If that legislation passes, the decision on whether flight crews could be armed would be left solely to the airlines.

"We have never allowed pilots to carry firearms on board," said Jenna Ludgate, spokeswoman for United Airlines. "Pilots are first and foremost pilots and in any emergency situation, they need to by flying the plane."

But United co-pilot Aaron Benedetti, who has received specialized firearms training for pilots from the Front Sight Firearms Training Institute in Las Vegas, Nevada disagrees with his employer's policy.

"I fully support arming pilots and co-pilots," he said, adding that, if the airline allowed its pilots to carry side arms, "United could once again claim they fly the friendly skies." Benedetti had hoped his employer would be the first airline to arm its cockpit crews following the terrorist attacks.

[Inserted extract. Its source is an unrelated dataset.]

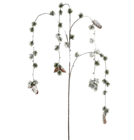 Rama colgante nevada de pino con piñas 137 cms
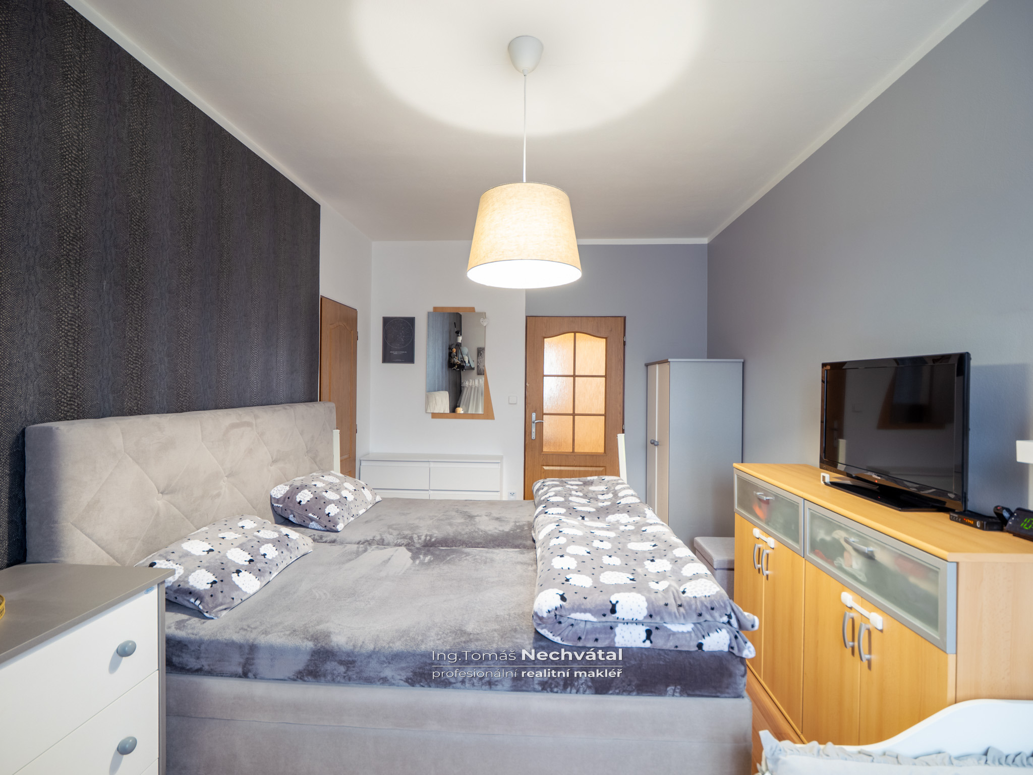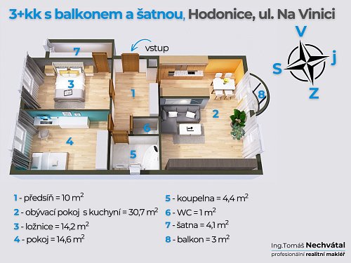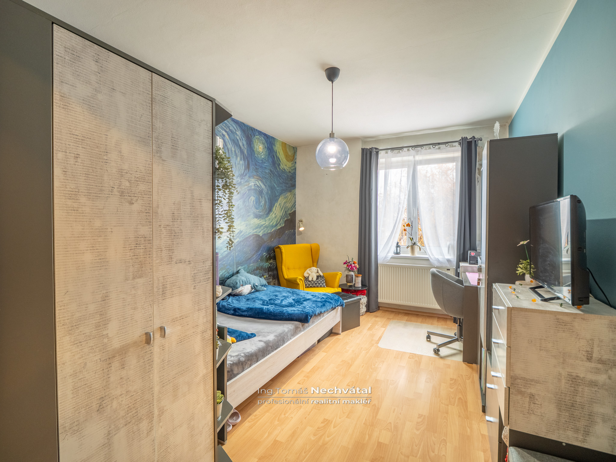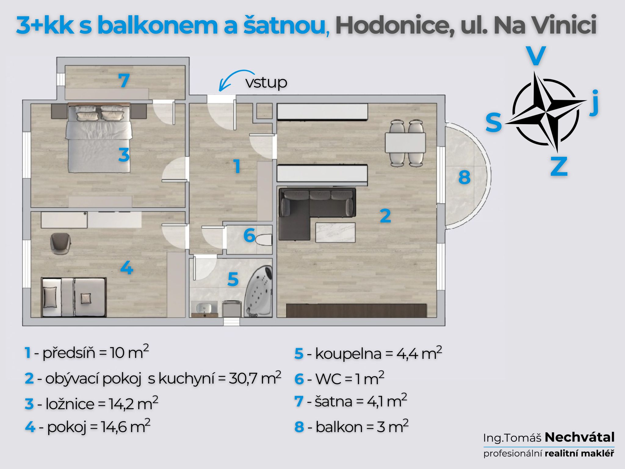 Dispozice je promyšlená a praktická. Obývací pokoj s kuchyní je orientovaný na slunný jih, pokoje naopak na klidnější a chladnější sever. Byt má dvě samostatné ložnice, takže funguje jak pro rodinu, tak pro pár nebo kombinaci bydlení a práce z domova. Příjemným bonusem je plnohodnotná šatna, která se vždycky hodí.

Asked whether United's policy might change if Paul's legislation passes, Ludgate said "We wouldn't allow it because our pilots need to be flying the plane."

Like Benedetti, Dr. Ignatius Piazza, founder of Front Sight, sees it differently.

"If there is a situation where someone is trying to defeat the cockpit door, you have a pilot who is focused on flying the plane, and landing it as soon as possible," he said. "And you have a co-pilot whose responsibility is to protect that door. And he has a gun to do it."

Neither American nor Delta Airlines would comment on their policies regarding armed crews.

A spokesman for Delta explained that it is the company's policy not to discuss security issues, and the American Airlines spokesman said, "I'm not gonna even go down that road."

But Capt. Paul Nelson, an American Airlines pilot and a reserve duty police officer, thinks his employer is missing an opportunity "to turn this tragedy into triumph and make our domestic skies the safest in the world."

Southwest Airlines pilot, Capt. Mark Donovan, hopes his employer won't follow United's lead.

"What could be better service than to insure our passengers' safety with an armed and trained pilot?" said Donovan.

Capt. Dennis Vied, who retired after 28 years with TWA, said he is "disgusted" with both the FAA and the airlines for not allowing pilots to defend themselves or their passengers.

"I believe it's prudent for pilots to be armed for the safety of themselves and their passengers," Vied said. "Hijackers must know they will face armed opposition."

Cox cautiously accepted the idea of armed cockpit crews, but with a caveat. "It would depend on the training course. If the level of training we put forward for pilots is the same exact standard as is in place today for federal law enforcement officers, I'm not gonna feel particularly bad about it," he said. "Anything short of that, I would be much more skeptical about."

While Paul's legislation would stop the FAA from disarming flight crews, a spokesman said the Texas congressman "would not be comfortable" introducing legislation requiring airlines to let their aviators carry firearms.

Vied hopes public opinion will cause members of Congress to support Paul's bill, and compel airlines to rethink their policies.

"Let your representatives know that pilots need this capability," said Vied. "Make them aware that we will no longer willingly be victims."